A new mineral species, hydroxymcglassonite-(K), ideally KSr4Si8O20(OH)·8H2O, has been found in the Wessels mine, Kalahari Manganese Field, Northern Cape Province, South Africa. It is granular (<0.05 mm), associated with meieranite, sugilite, aegirine, pectolite, and yuzuxiangite. The mineral is colorless, transparent with a white streak and a vitreous luster. It is brittle and has a Mohs hardness of 4.5–5.0; cleavage is perfect on {001} and no parting or twinning was observed. The measured and calculated densities are 2.60(3) and 2.614 g/cm3, respectively. Optically, hydroxymcglassonite-(K) is uniaxial (+), with ω = 1.555(5), ε = 1.567(5) (white light), and absorption O > E. Hydroxymcglassonite-(K) is insoluble in water or hydrochloric acid. An electron microprobe analysis yielded an empirical formula (based on 13 non-H cations pfu) K1.01(Sr2.99Ca1.03)Σ4.02Si7.99O20(OH)·8H2O, which can be simplified to K(Sr,Ca)4Si8O20(OH)·8H2O.
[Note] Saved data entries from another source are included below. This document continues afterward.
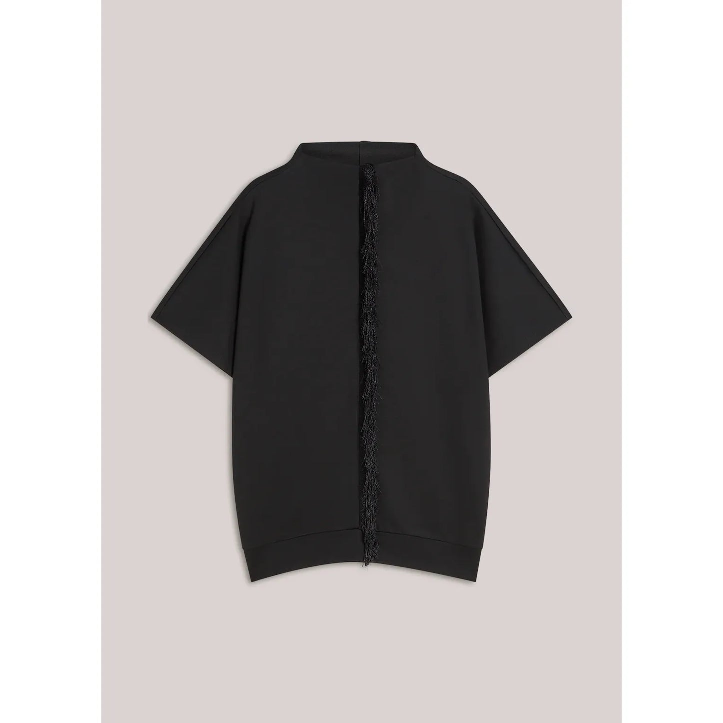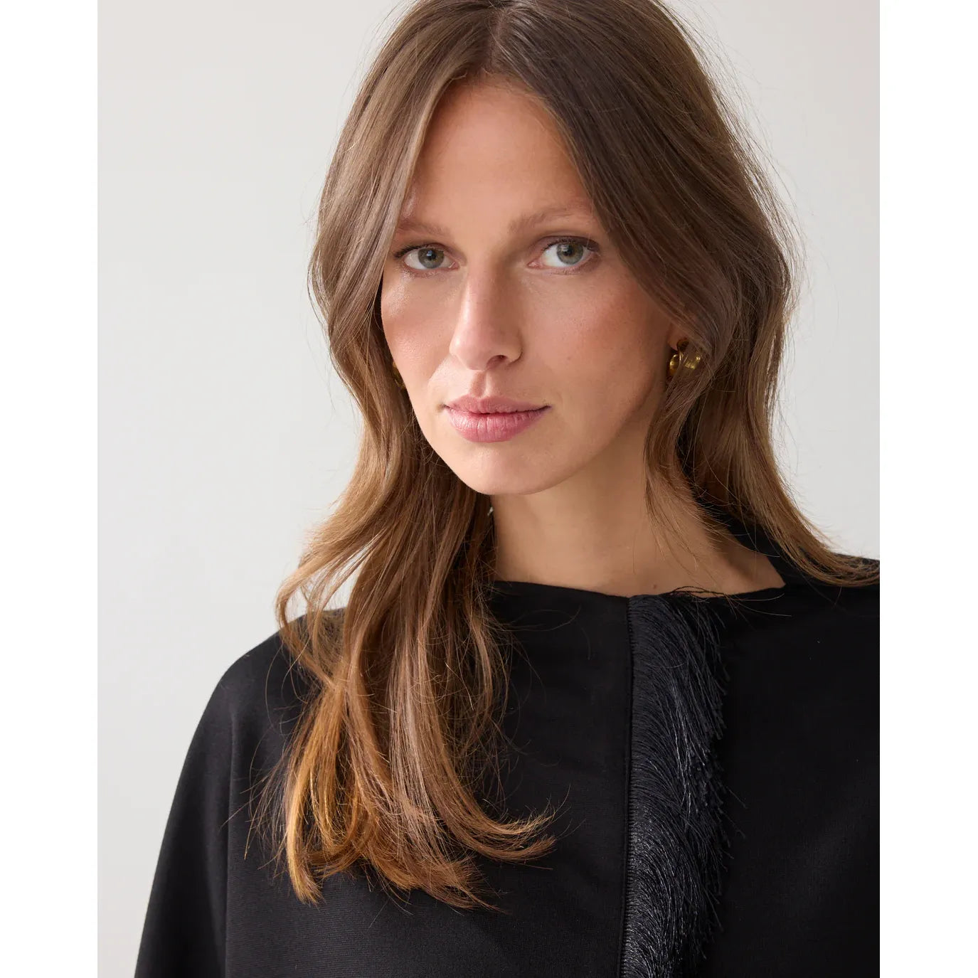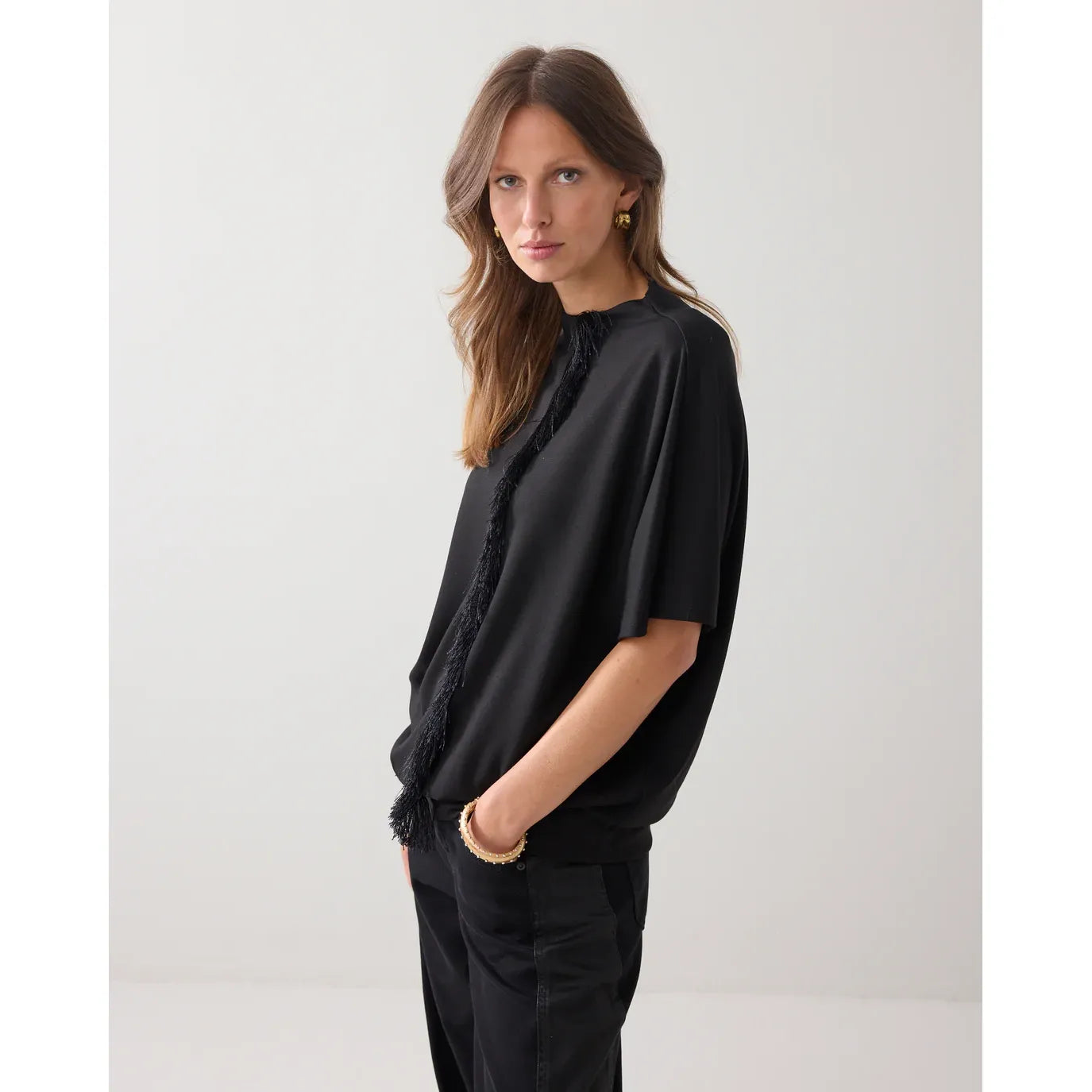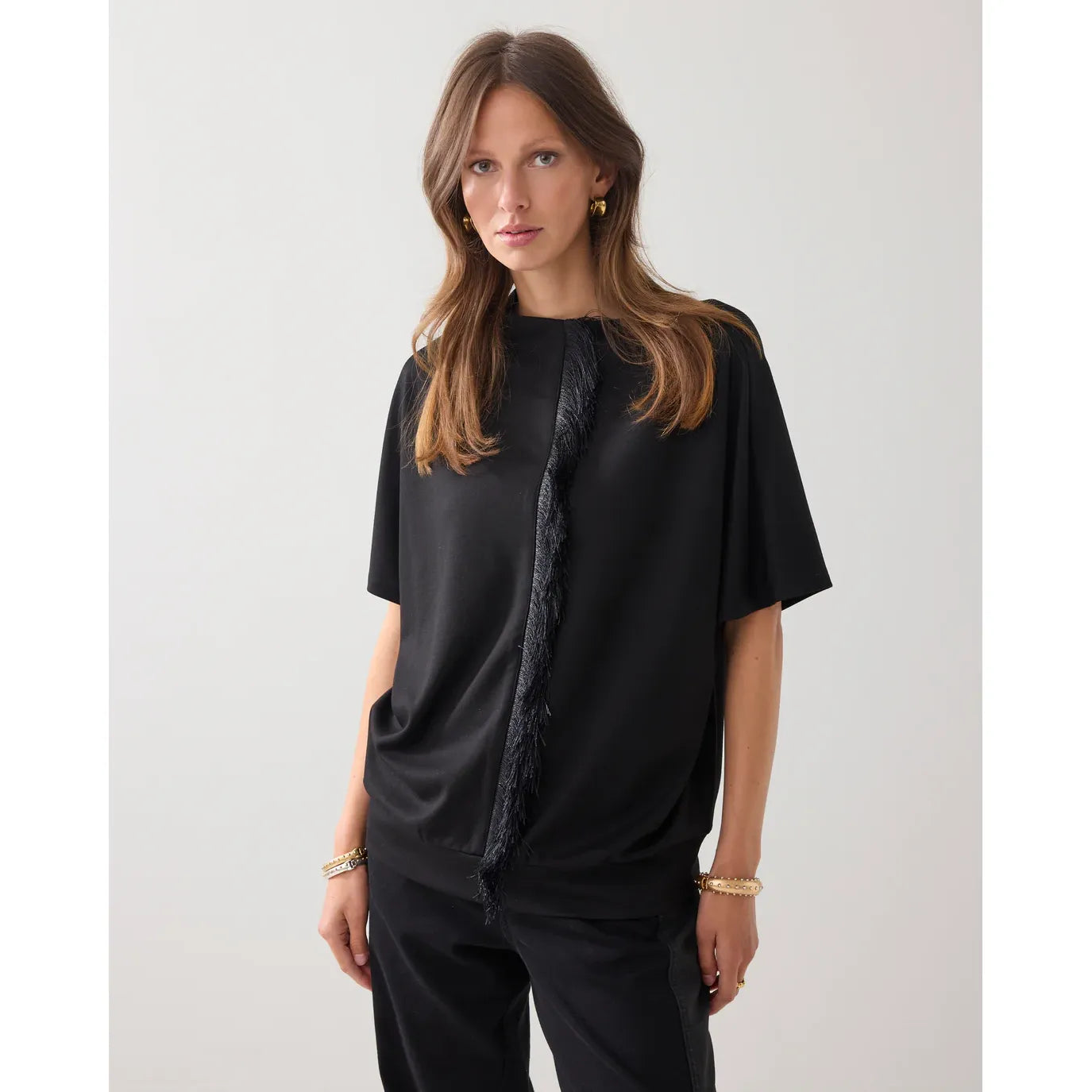 Summum Oversized Jersey Top with Fringe Detail – Black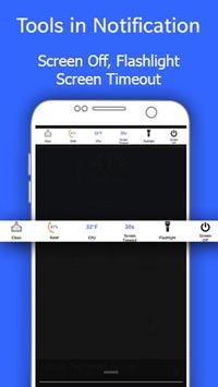 The notification bar informs you if you need to boost your mobile phone by indicating the state of the ram and the CPU temperature.
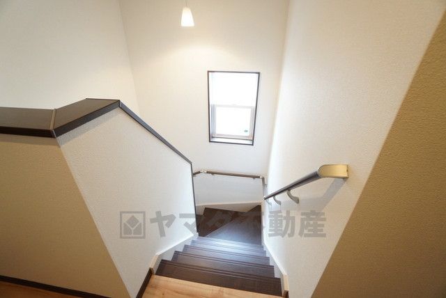 お子様も高齢の方も安心して上り下りができる手摺がついた安心設計です。 階段には小窓を配置しました。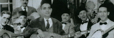 En avant-plan, Hadj M'Hamed El Anka (1907-1978), chantre de la musique populaire algéroise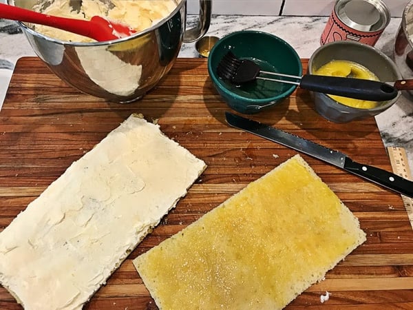 The cake batter was spread out on a half sheet tray and baked at 350 for about 20 minutes. The cake came out pale and even which is just what you want for Petit Fours.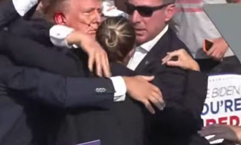 Trump daba un discurso en Pensilvania cuando se escucharon disparos y al tocarse la oreja derecha y ver sangre, se tiró al suelo para ser inmediatamente protegido por el Servicio Secreto y ser sacado del lugar para ser llevado a un hospital cercano donde se corroboró que solo fue un rozón de bala.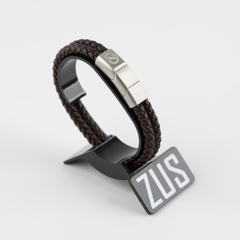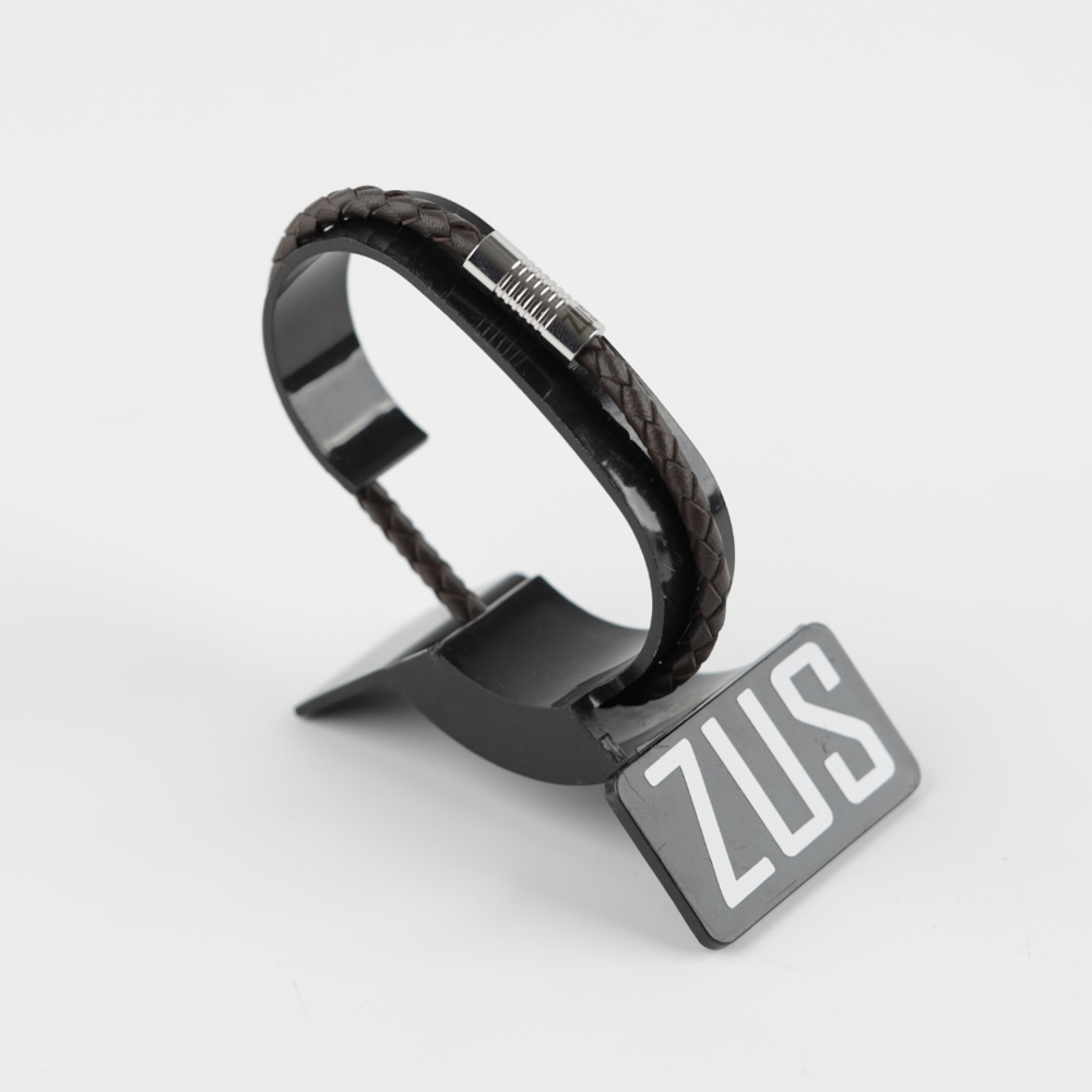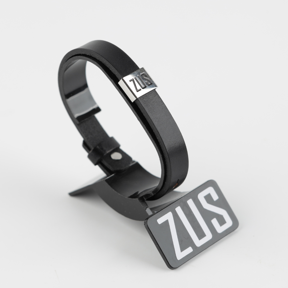 ZUS flat genuine leather bracelet features stainless steel engraved with the signature ZUS logo. Size 19.5 cm to 22 cm.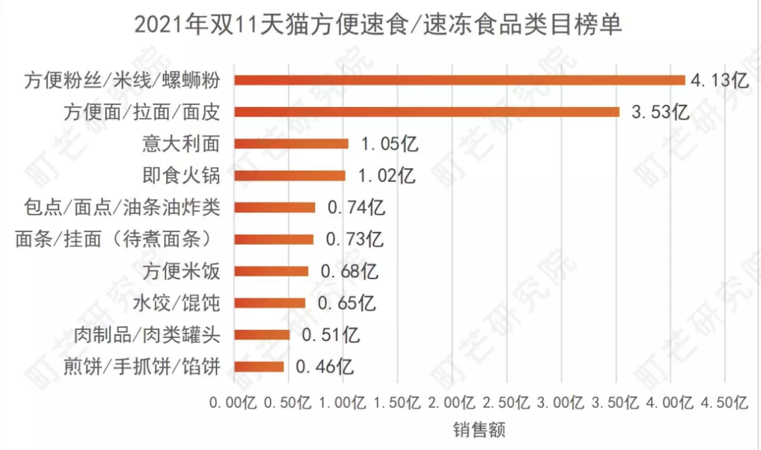 在2021年双十一天猫方便速食/速冻食品类目销售榜单中,酸辣粉更是和螺蛳粉、方便粉丝一起坐上了销量头把交椅。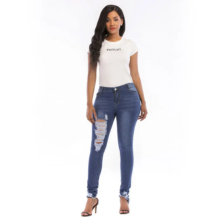 Для женщин джинсовые брюки-карандаш сексуальные с высокой талией отверстие Для женщин женский кисточкой DM001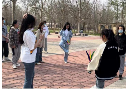 活动伊始,赵晓宇将同学们随机分组,让同学们在热身活动中相互了解、相互信任,增强班级凝聚力。随后,通过“坐地起身”“蛙跳接力”“贴膏药”等趣味小游戏,激发同学们的运动热情,增强身体素质,提高团结意识。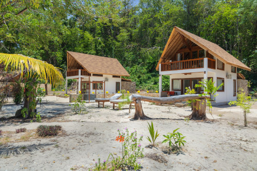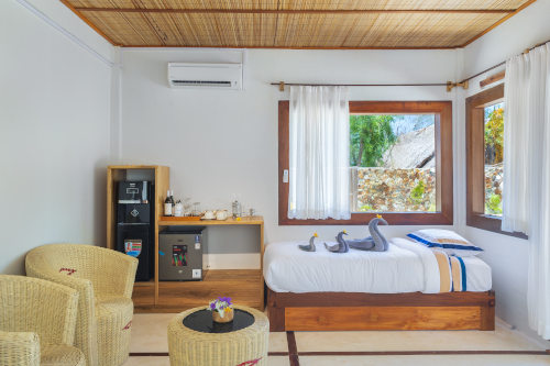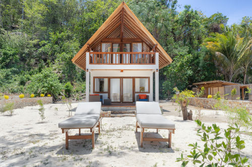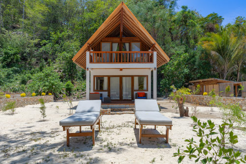 Saronde’s six beachfront villas sit steps from the shoreline, offering a private retreat with uninterrupted ocean views. Each villa includes air conditioning, a comfortable sleeping space, and a Balinese bathroom with a rain shower surrounded by natural greenery. A small minibar and a coffee/snack corner adds simple convenience to your stay. An ideal place to read and relax or watch the tide move in and out, every villa features its own private beach area complete with a patio, sunbeds, a dining table, and a cushioned daybed.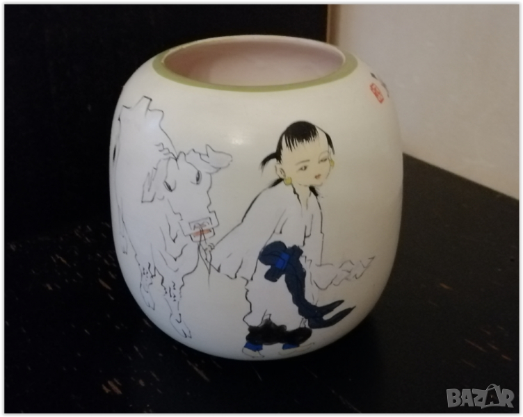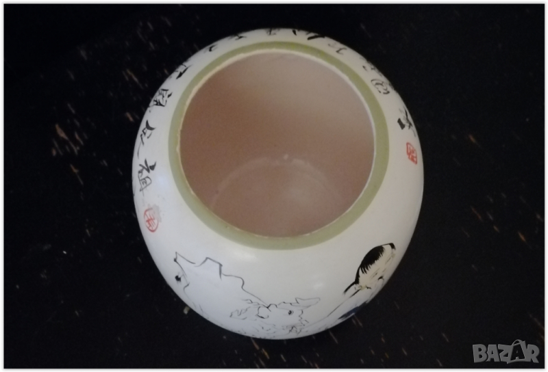 Декоративна ваза от керамика, с японски мотиви и надписи.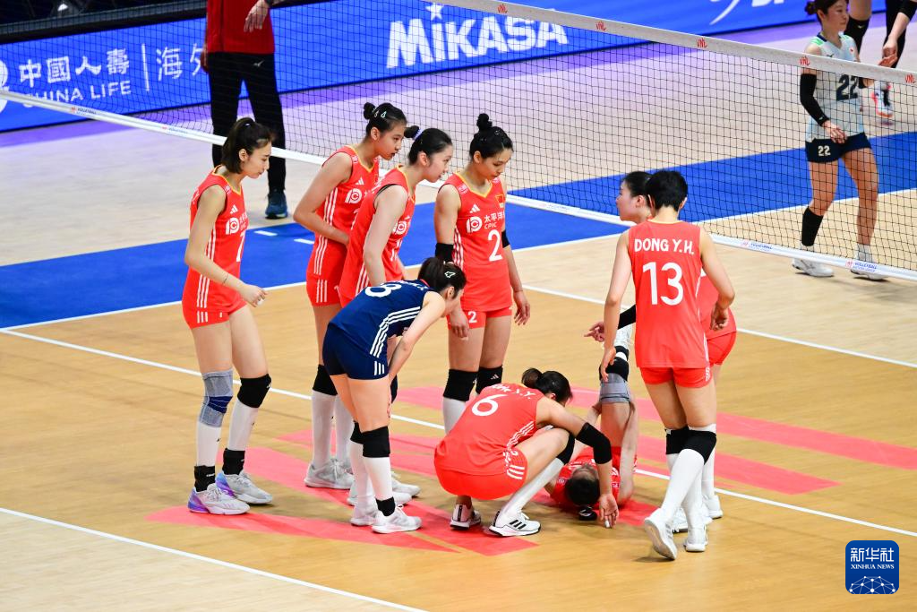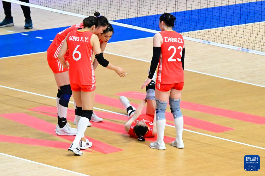 6月21日,中国队球员查看队友吴梦洁(下)伤情。

Hydroxymcglassonite-(K) is tetragonal with space group P4/mnc and unit-cell parameters a = 9.0792(2), c = 16.1551(9) Å, V = 1331.70(9) Å3, and Z = 2. It is isostructural with hydroxyapophyllite-(K), KCa4Si8O20(OH)·8H2O, with Sr substituting for Ca. The crystal structure of hydroxy-mcglassonite-(K) is characterized by SiO4 tetrahedra sharing corners to form (Si8O20)8– sheets parallel to (001), which are connected by the K and B (= Sr + Ca) cations, as well as hydrogen bonding. The K cation is coordinated by eight H2O groups, and the average K–O distance of 2.941(3) Å is shorter than that of 2.950(3)–2.975(3) Å in hydroxyapophyllite-(K) or fluorapophyllite-(K). The B cation is sevenfold-coordinated (4O + 2H2O + OH), and the average B-O distance of 2.522(3) Å is noticeably longer than that of 2.422–2.435 Å in hydroxyapophyllite-(K) or fluorapophyllite-(K). The Raman spectra of hydroxymcglassonite-(K) and hydroxyapophyllite-(K) are very comparable, especially in the O-H stretching region. The discovery of hydroxymcglassonite-(K), the first Sr-bearing mineral of the apophyllite group, implies that more Sr-bearing members of the group may be found in nature or synthesized in laboratories, but the possibility for an incomplete solid solution between hydroxyapophyllite-(K) and hydroxymcglassonite-(K), due to the size difference between Sr2+ and Ca2+, cannot be ruled out.